*** Source records

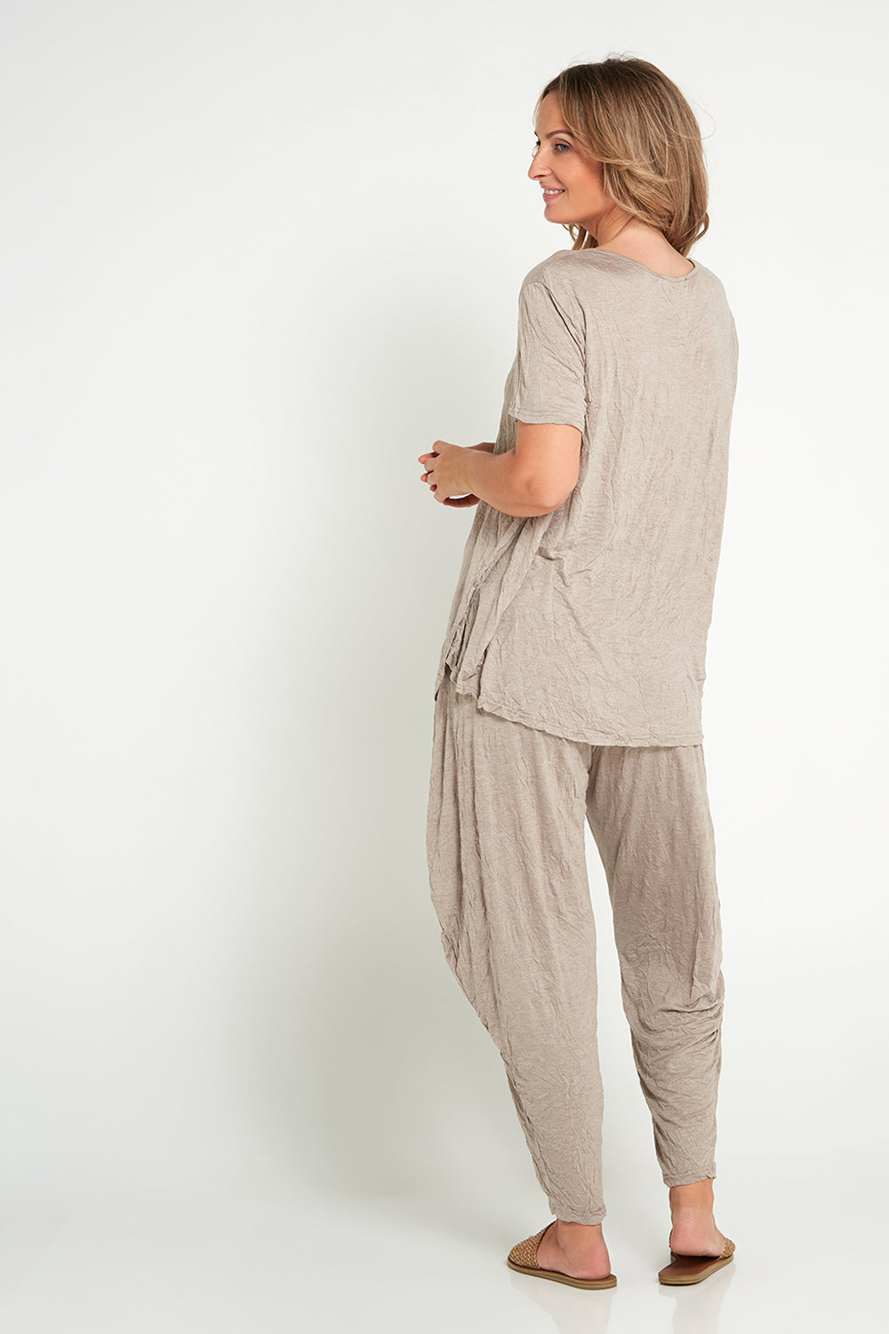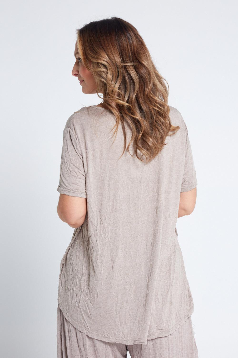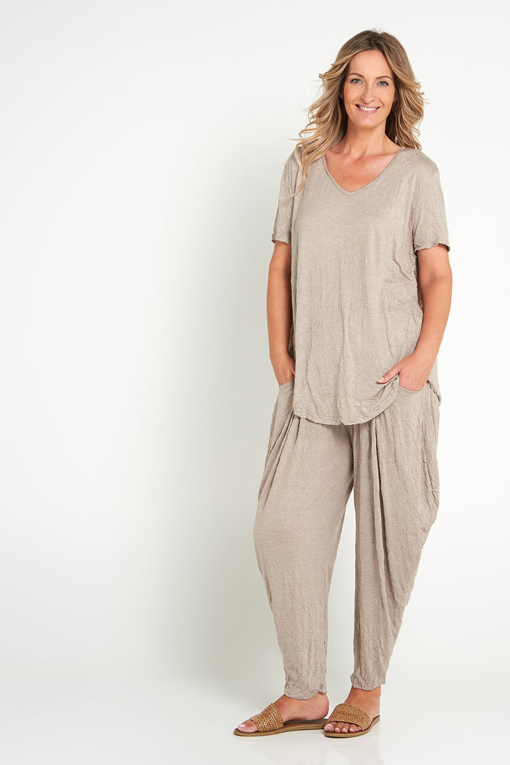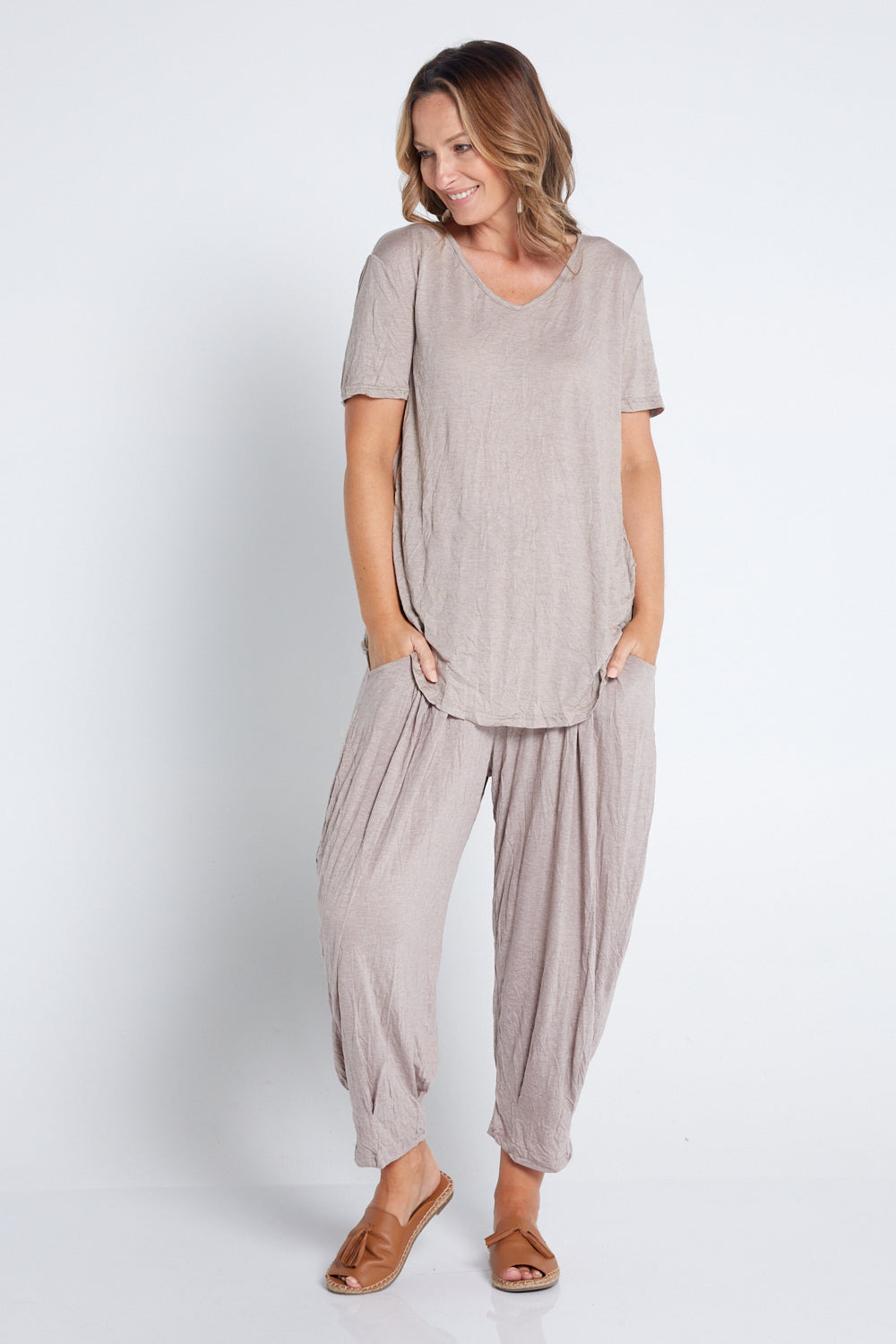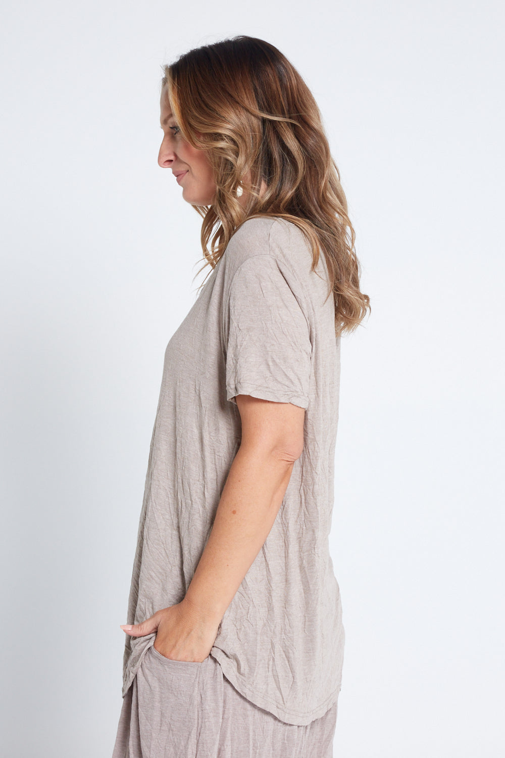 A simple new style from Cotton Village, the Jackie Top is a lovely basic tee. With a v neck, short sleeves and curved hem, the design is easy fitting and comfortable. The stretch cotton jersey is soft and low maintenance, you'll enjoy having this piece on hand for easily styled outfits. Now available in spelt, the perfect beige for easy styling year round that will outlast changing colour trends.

******
*** Source records

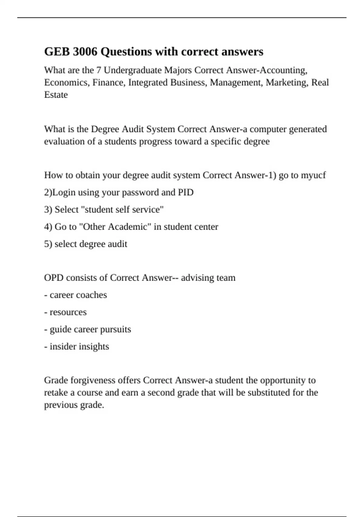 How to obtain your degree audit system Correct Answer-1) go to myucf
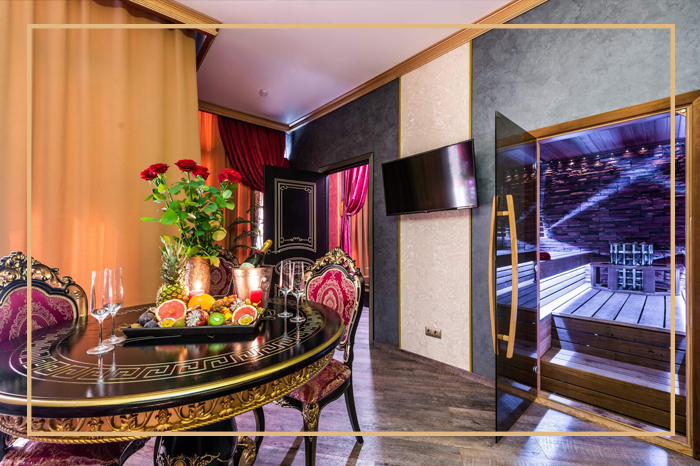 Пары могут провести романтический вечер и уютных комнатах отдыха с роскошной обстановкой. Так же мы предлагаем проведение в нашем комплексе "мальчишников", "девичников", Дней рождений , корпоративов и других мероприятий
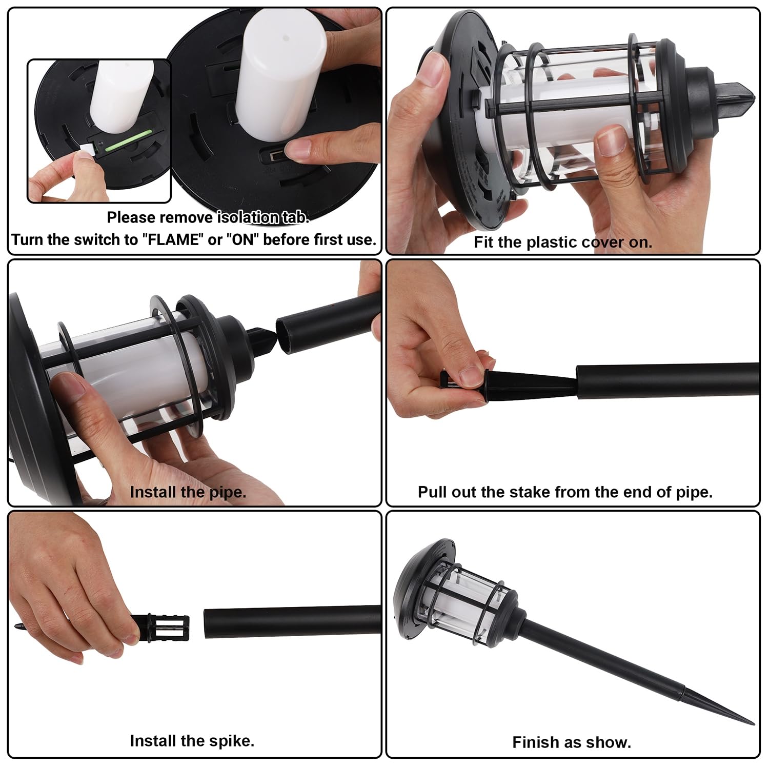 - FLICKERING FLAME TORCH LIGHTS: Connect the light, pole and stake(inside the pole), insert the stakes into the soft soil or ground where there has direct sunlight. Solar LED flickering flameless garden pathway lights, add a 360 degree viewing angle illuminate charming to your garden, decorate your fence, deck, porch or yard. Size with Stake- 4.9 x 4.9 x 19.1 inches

******

*Work instruction:* In the data above, retype only the stretch from the line with "How to obtain" through the line with "Пары могут провести", word for word, and skip any pictures.

*Answer space:*
 How to obtain your degree audit system Correct Answer-1) go to myucf
 Пары могут провести романтический вечер и уютных комнатах отдыха с роскошной обстановкой. Так же мы предлагаем проведение в нашем комплексе "мальчишников", "девичников", Дней рождений , корпоративов и других мероприятий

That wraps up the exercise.